In order to provide updates on a persistent storage, the storage of Lighter is constructed so that it can be authenticated by Merkle trees. An update can take a Merkle tree root which authenticates the state of the application fully, and produce an updated Merkle tree root which can be saved as an authenticated snapshot of the new state.

We can summarize the whole state of Lighter as a hypertree (tree of trees) as follows:

There are 6 real Merkle trees in the above diagram, which are assigned to a different color. The other “trees” are just hashes of their inputs, and do not have internal nodes.

Notice that an account’s state is split in two different trees: the one on the left contains all account information except for the amount of assets locked in orders that have been inserted in order books. This extra information is contained in a “account metadata” tree for optimization purposes.

The order book tree of a market is quite special, as it is quite a large tree (of height 72) and contains extra information in all of its internal nodes. So it is worth taking a look at it in isolation:

Orders in the order book are stored under a special path, calculated based on the price and a nonce. As the price is the first part of the path, the leaves are ordered from lowest to highest price, and will naturally paint the tree with bid orders on the left side and ask orders on the right side (and a visible spread in the middle).

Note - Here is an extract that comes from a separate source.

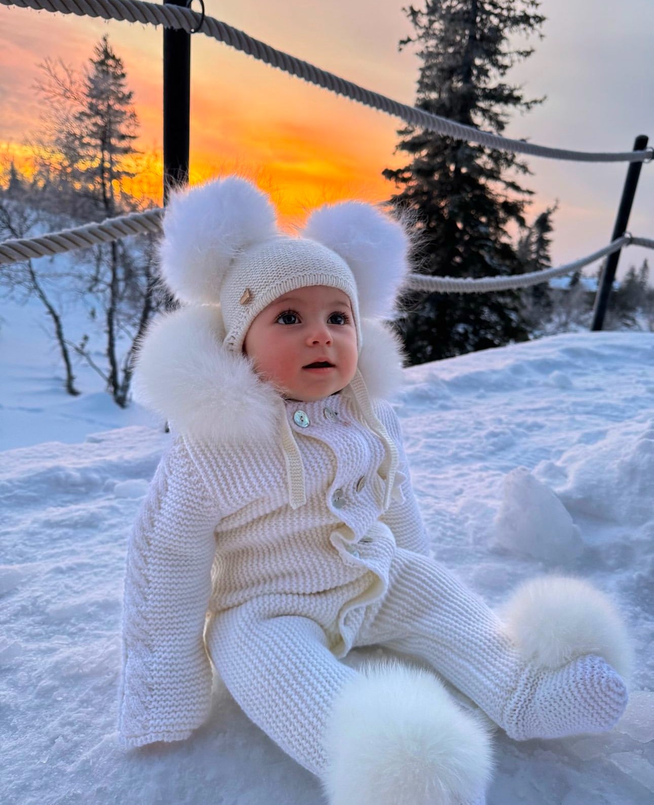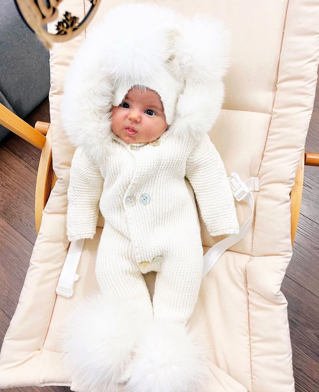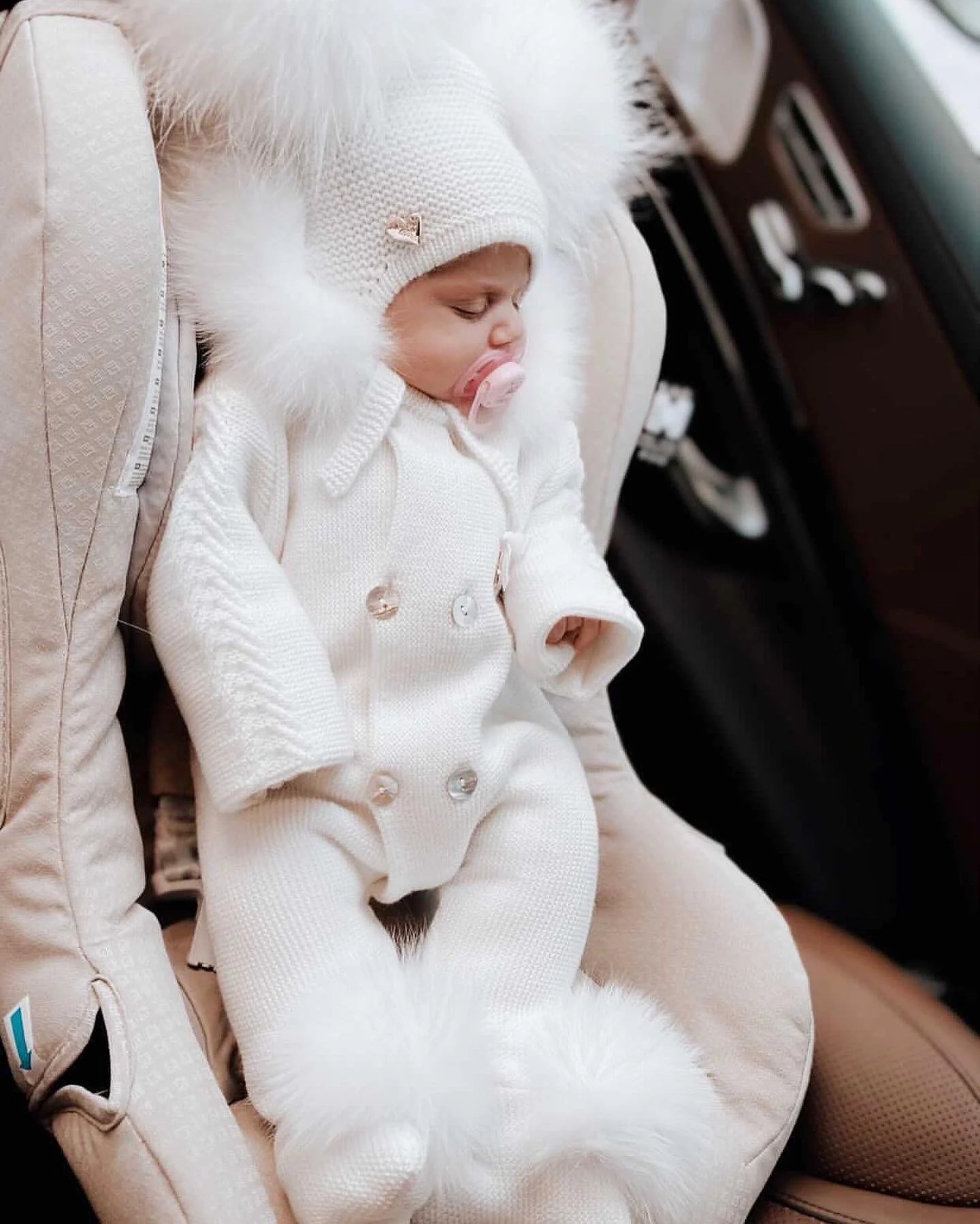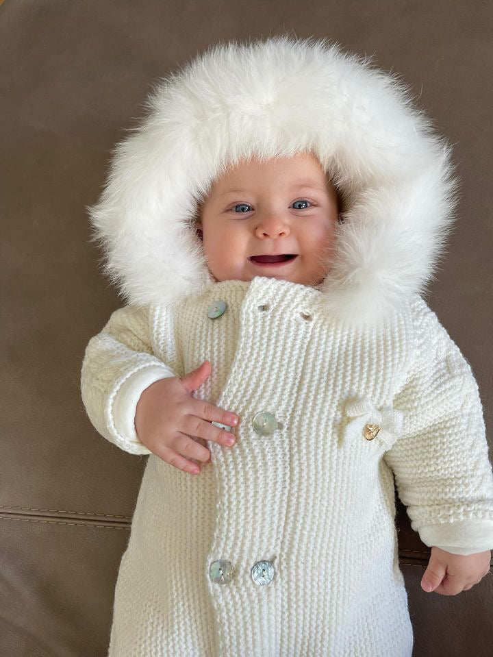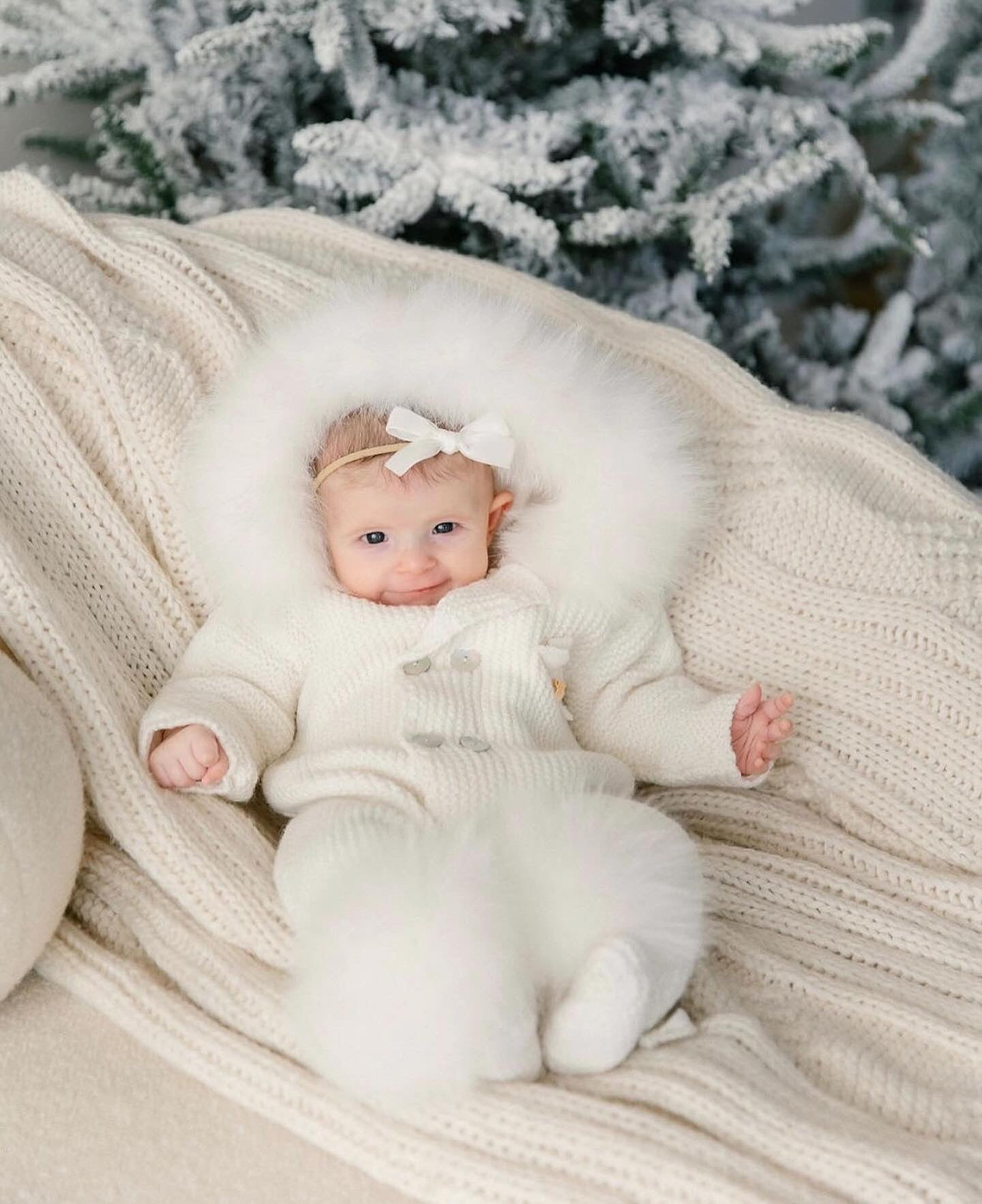 WHITE/IVORY MI LOVES SIGNATURE Fox fur trim/pompoms Baby ANGEL pramsuit.Beatiful and Luxurious Baby pramsuit featuring detachable Fox fur trim on the hood and detachable Fox fur pompoms on the feet .Mother of pearls buttons.Soft Plush Cotton lining.Beautiful Angel wings details on the back.
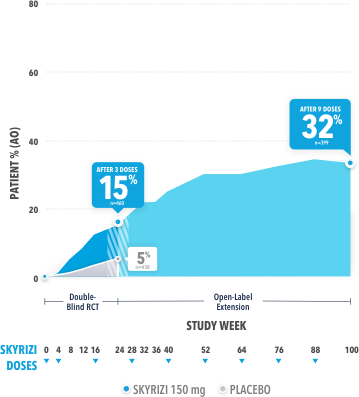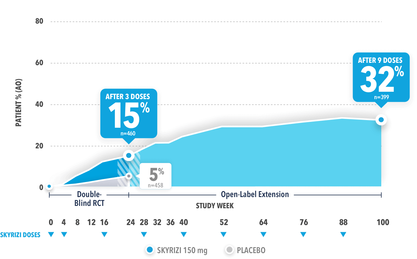 SKYRIZI 51% (n=224), PLACEBO 27% (n=219)

There should always be a gap somewhere in the tree, with bids on the left side and asks on the right side of the gap, making up the spread.

Note that while asks start being indexed at zero, bids start from the maximum nonce value. This design choice leads to the previous observation on higher priority orders, but also to a special case when asks and bids are crossing in the same “price subtree”: if an ask is ever inserted in the same subtree as other bids, then these other bids can be seen as crossing orders to the matched part if the incoming order and will be found on the right side of the ask (and vice versa for a bid inserted in a price subtree with several asks). This observation will be useful later when we discuss the matching engine.

zkLighter blocks

The main object handled by the zkLighter circuit is a block. As in your typical blockchain, a block contains a list of transactions and produces a state transition by applying these transactions to a known previous state (as attested to by the previous block), and attests to the updated state.

Transactions are “executed” one by one, in a way that ensures no cheating in the matching algorithm. That is, that trades are optimal, as long as the ordering of the transactions is done in a fair manner.

Note that some transactions are not real user transactions, but inserted “fake” transactions that help finalize the execution of some types of user transactions (specifically, transactions that might require several “cycles” to complete). We explain this in more detail in later sections.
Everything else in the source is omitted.